Policies are reusable guardrails that detect and control risky behavior in your AI applications. Define a policy once, assign it to one or many applications, and manage it centrally.
Policies overview

How policies work

A policy describes what to detect, where to look, and how to respond:
  • Detector model: The engine used to detect a risk
  • Target: Which part(s) of the conversation to inspect, e.g. Assistant or User
  • Sensibility: The minimum confidence required to flag
  • Expected behavior (coming soon): Defines the action taken when a detector is triggered (e.g., block or alert)
  • Override response: Optional default message to return on violation
Policy details view with configuration

Detector types

Guardion supports several types of detectors, each designed to identify specific risks or policy violations in AI interactions.
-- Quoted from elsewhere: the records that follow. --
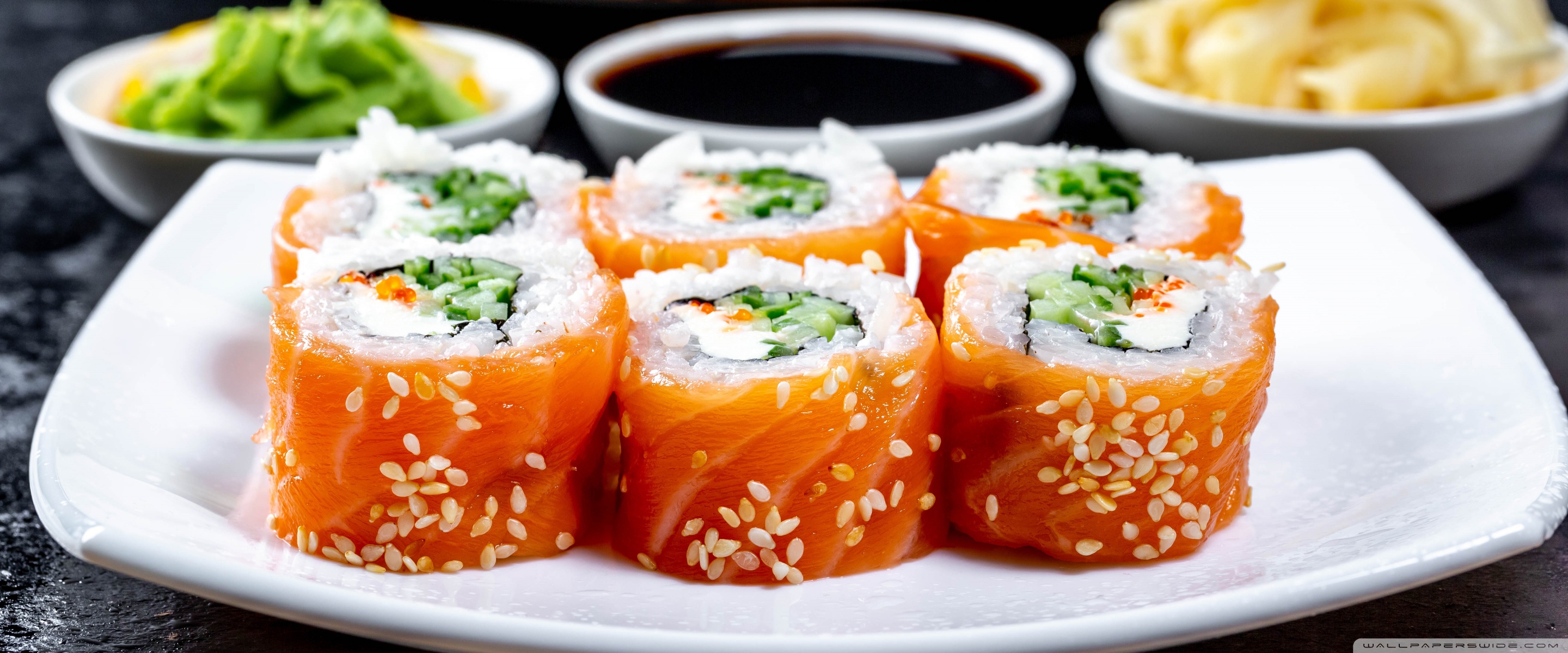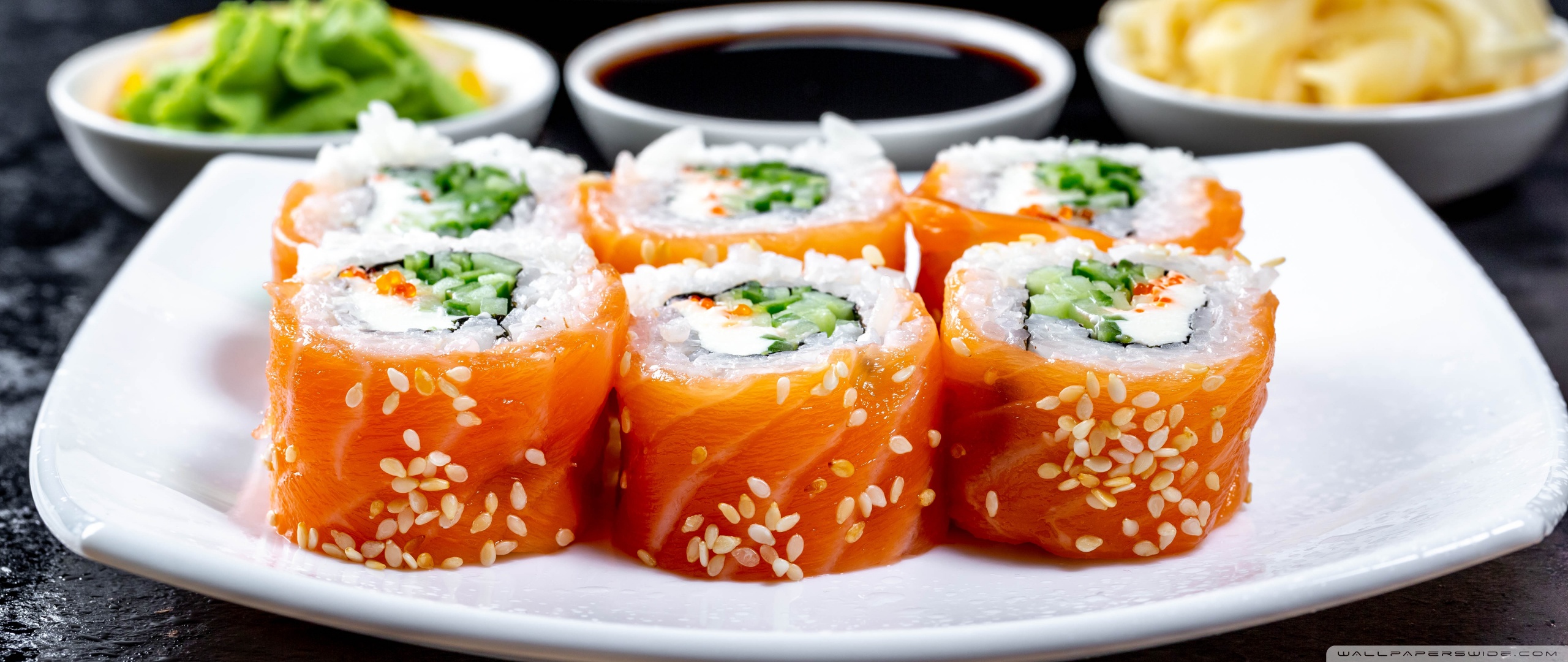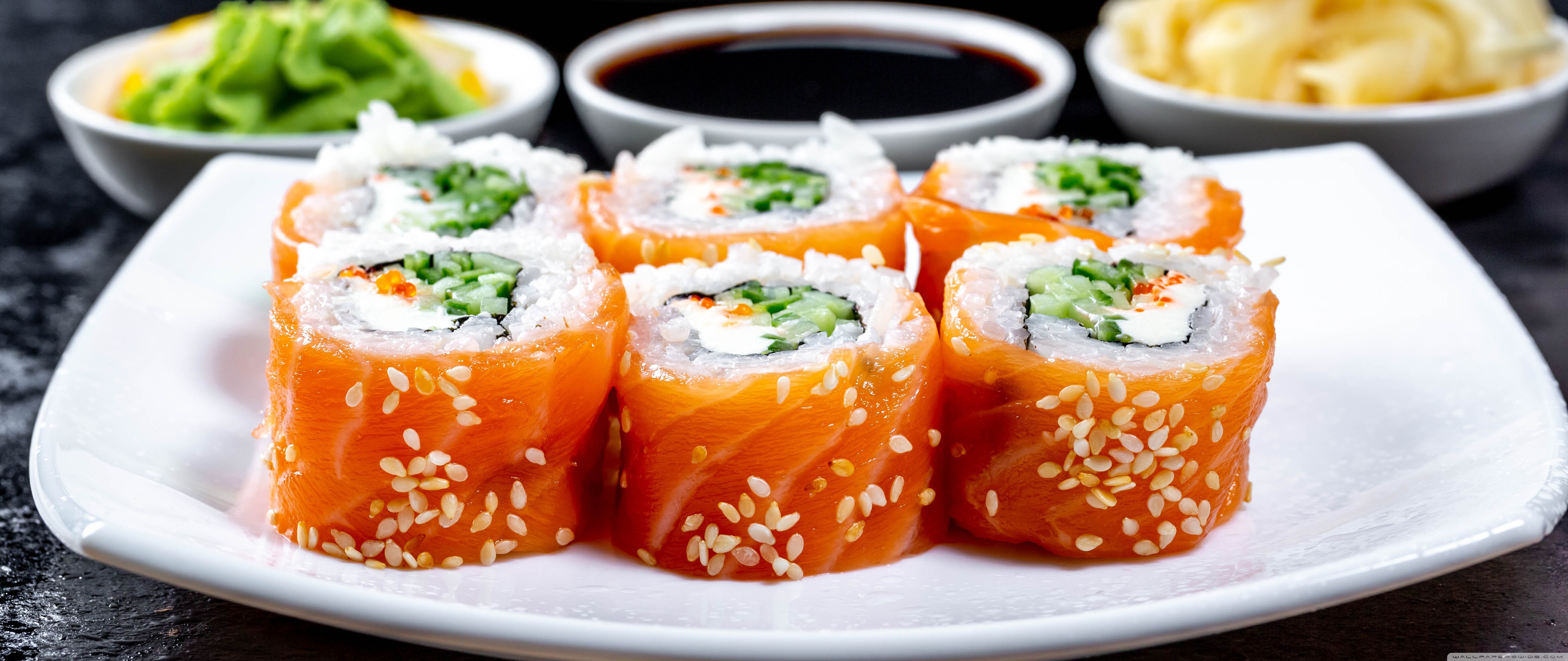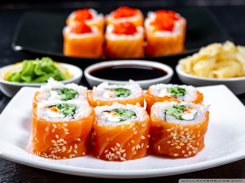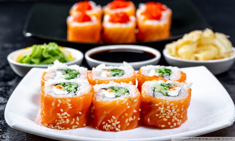 Download Japanese Sushi with Wasabi, Ginger and Soy Sauce 4K UHD Wallpaper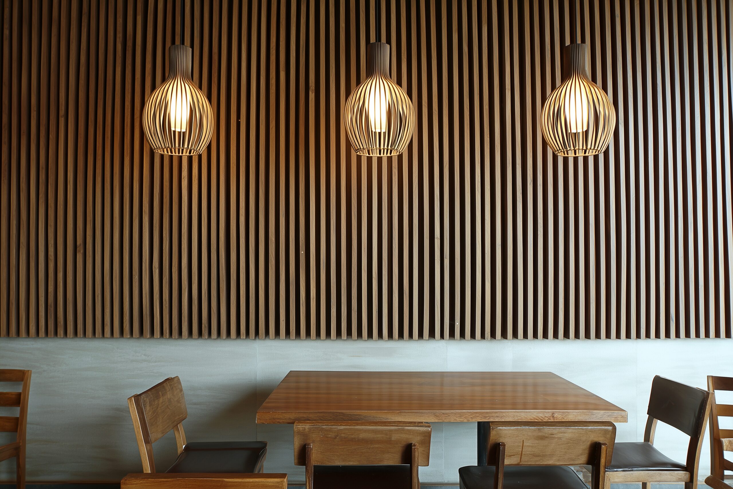 【フリー素材】カフェのおしゃれなウッドデザインの壁・テーブル席02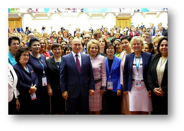 Центральным событием форума стало пленарное заседание «Женщины за глобальную безопасность и устойчивое развитие», на котором выступил президент Российской Федерации Владимир Путин[4].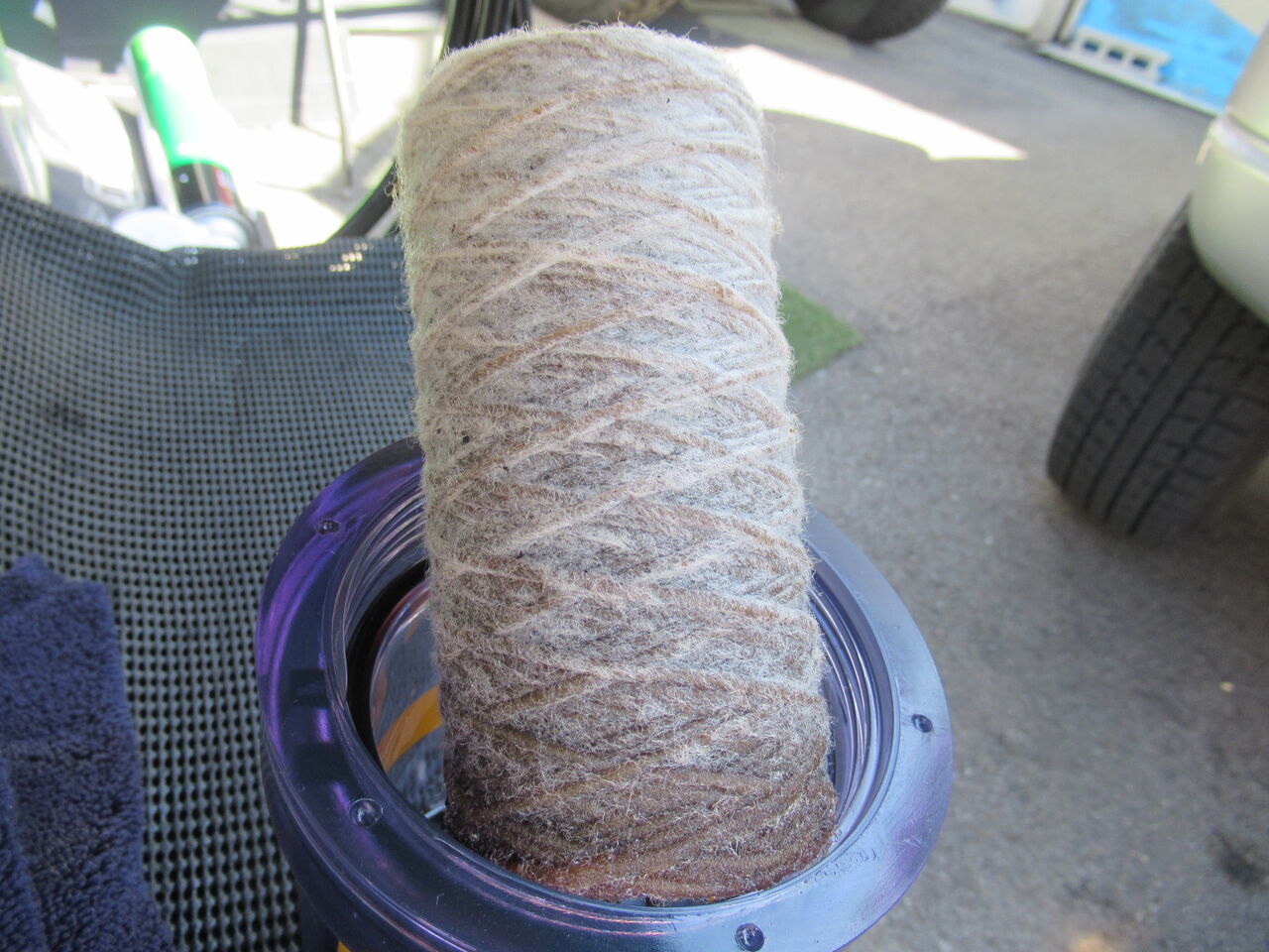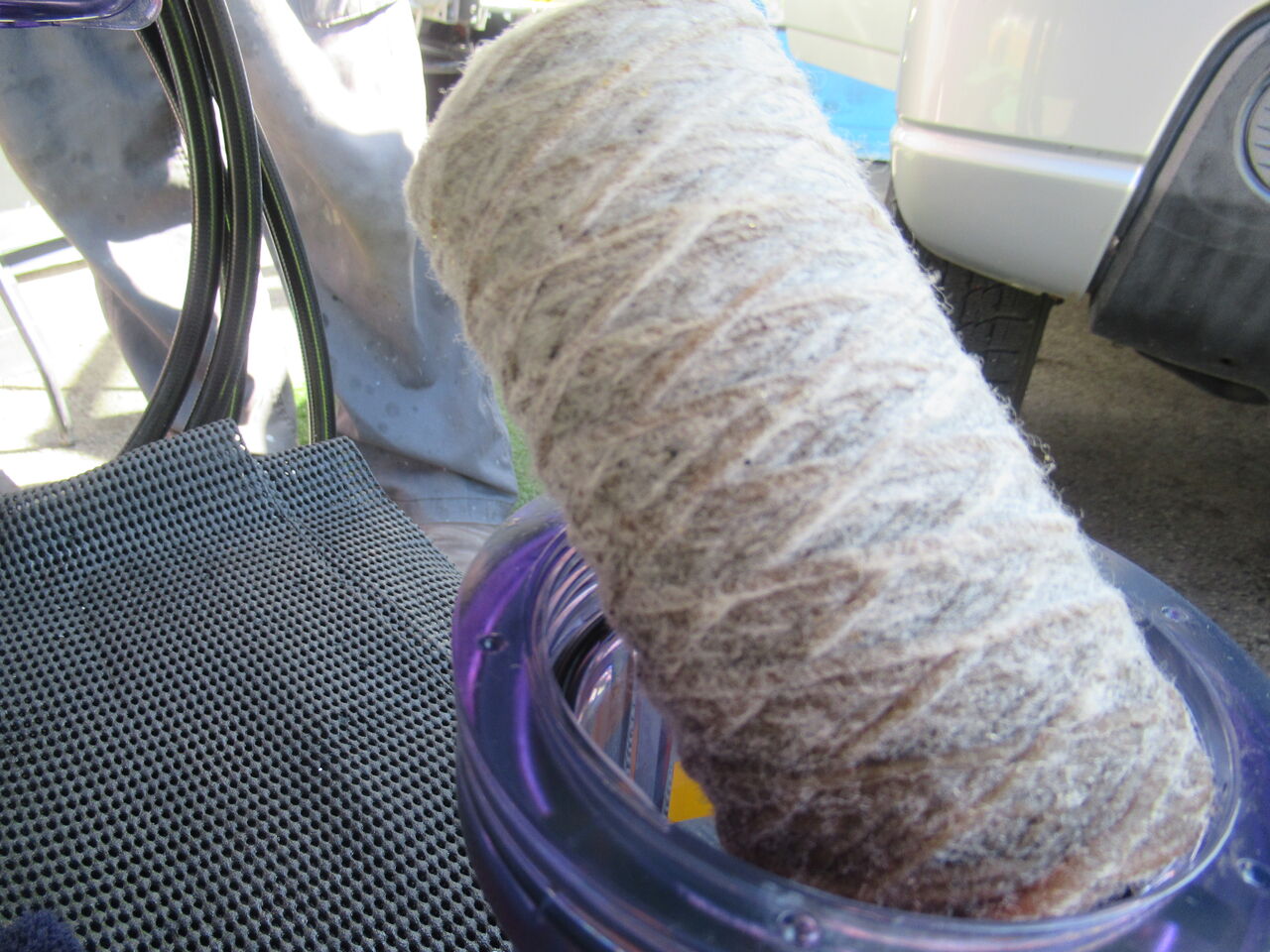 内部洗浄中、循環したオイルがフィルターを通っていきます
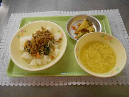 今日は八王子産のにんじん、こまつな、ブロッコリー、たまごを使用しました。切り干しビビンバは、切り干し大根が入ったビビンバです。肉だけのビビンバよりもヘルシーです。味や香りもくせはなく、子供たちもよく食べていました。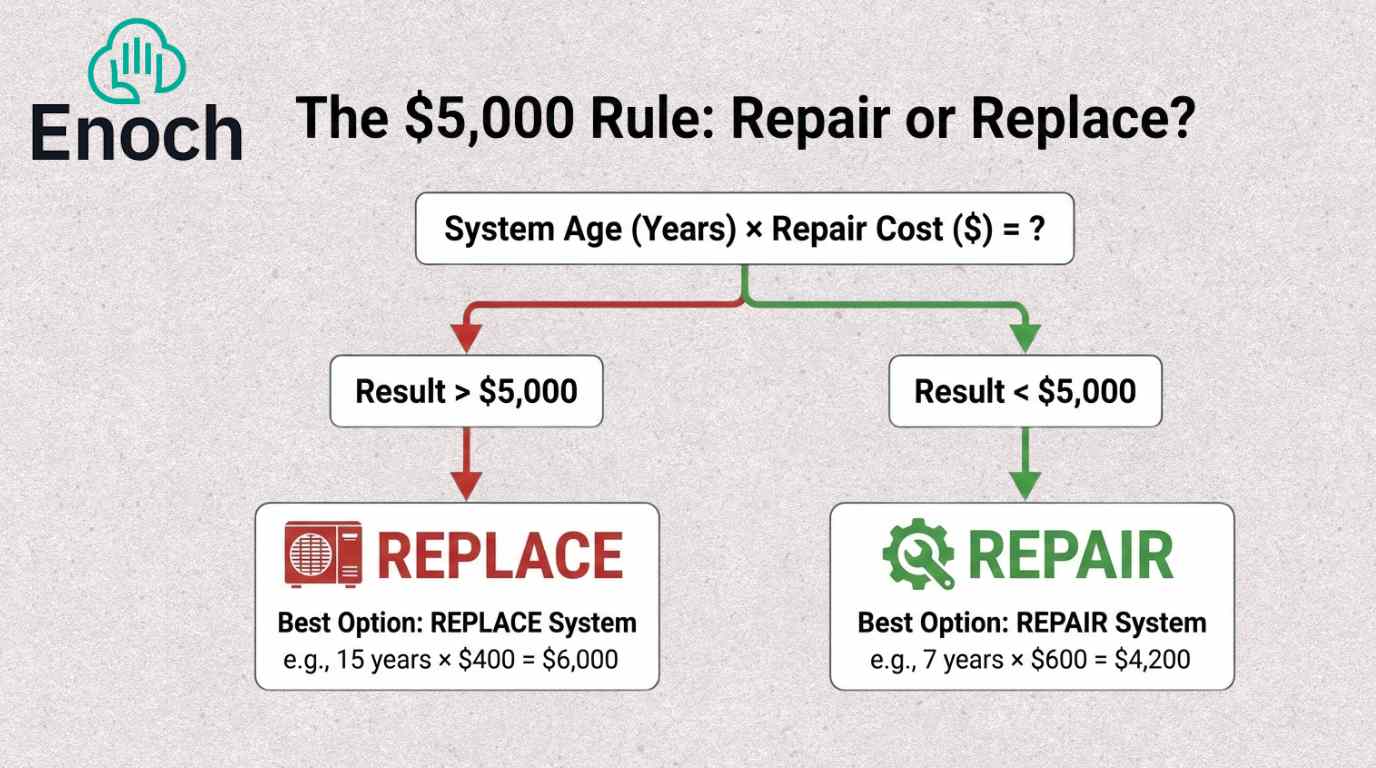 The $5,000 rule helps determine whether to repair or replace your HVAC system. Multiply your system's age by the repair cost. If the result exceeds $5,000, replacement is typically more cost-effective.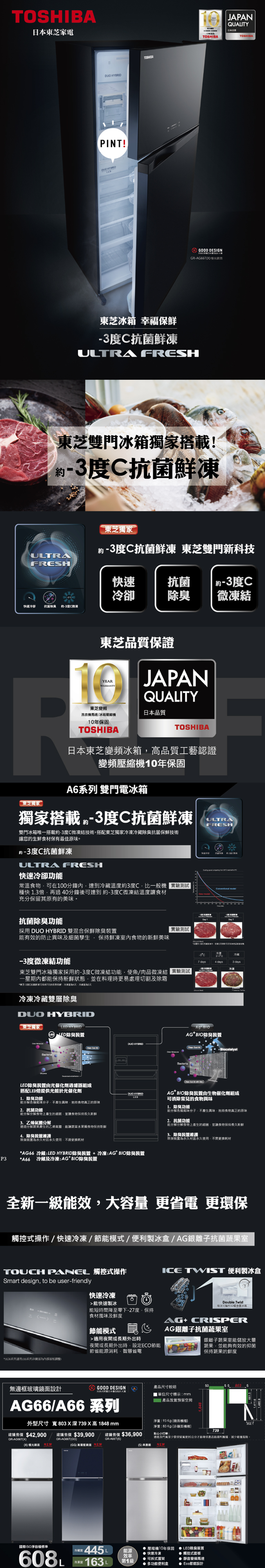 TOSHIBA 東芝 608(L) 1級變頻2門鏡面電冰箱 GR-AG66T-X 送基本安裝【限量特惠品】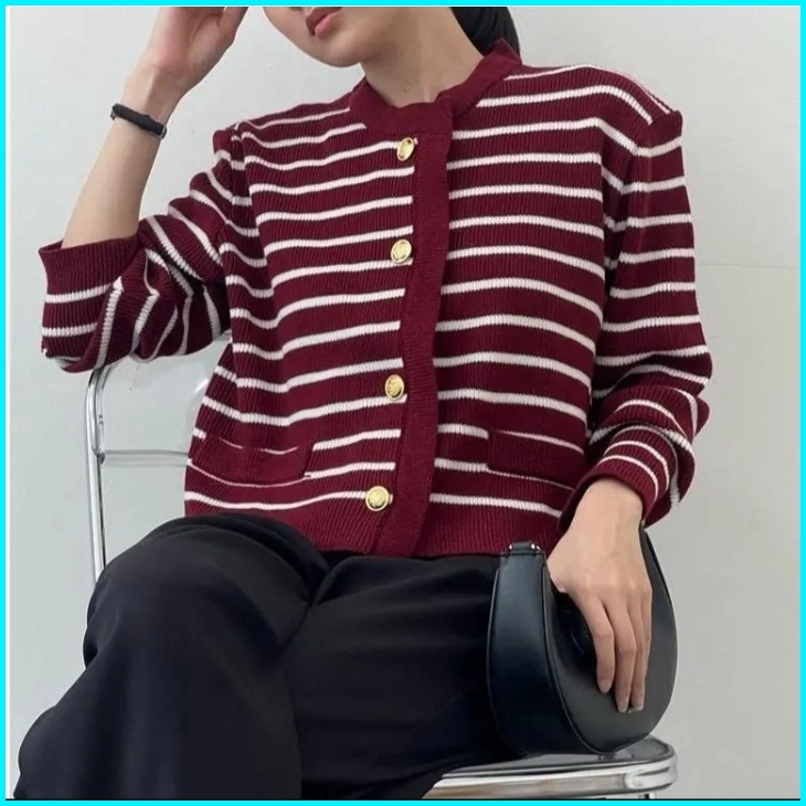Cardigan Cesy Crop Top Knitwear Premium Atasan Wanita Casy Cardi Strip Long Korean Style Cardigan Rajut Wanita Outerwear

You can mix and match detector types within your policies to cover a wide range of threats.

Supported types and models:

Prompt Defense
  • modern-guard-v1: Fast, general-purpose prompt security and jailbreak detection
  • modern-guard-v1.5: Advanced agentic prompt security and jailbreak detection
Content Moderation
  • moderation-v0: Safety moderation for harmful content
Each detector type can be configured with its own threshold and target, allowing you to tailor policies to your application’s needs. See the Detectors documentation for a full list and configuration options.

Targets

Choose where the policy evaluates:
  • user
  • assistant
  • system
  • developer
  • context

Assign policies to applications

Policies are assigned per application. The relationship is:
  • One policy can be used by many applications
  • One application can enable one policies
To assign:
  1. Go to the application
  2. Click Assign policy
  3. Select the policy and confirm
To learn more about assigning policies to applications, visit the Applications page.

Using policies via API

When calling the Guard API, Guardion will evaluate the policies assigned to the specified application. Provide your application ID in the request body.
curl -X POST "https://api.guardion.ai/v1/guard" \
  -H "Authorization: Bearer $GUARDION_API_KEY" \
  -H "Content-Type: application/json" \
  -d '{
    "application": "app_12345",
    "messages": [
      { "role": "user", "content": "Summarize this text" }
    ]
  }'
Optionally, override which policies run regardless the application:
curl -X POST "https://api.guardion.ai/v1/guard" \
  -H "Authorization: Bearer $GUARDION_API_KEY" \
  -H "Content-Type: application/json" \
  -d '{
    "override_enabled_policies": ["policy_pii"],
    "messages": [
      { "role": "user", "content": "Share a list of test credit cards" }
    ]
  }'
  • See the full schema in Guard API
  • Return shape includes flagged, breakdown (per-policy results), and optional correction

Reviews and datasets (optional)

Use policy-focused reviews to iterate on performance, and build a dataset from your feedback to continuously improve detection.
Policy dataset built from feedback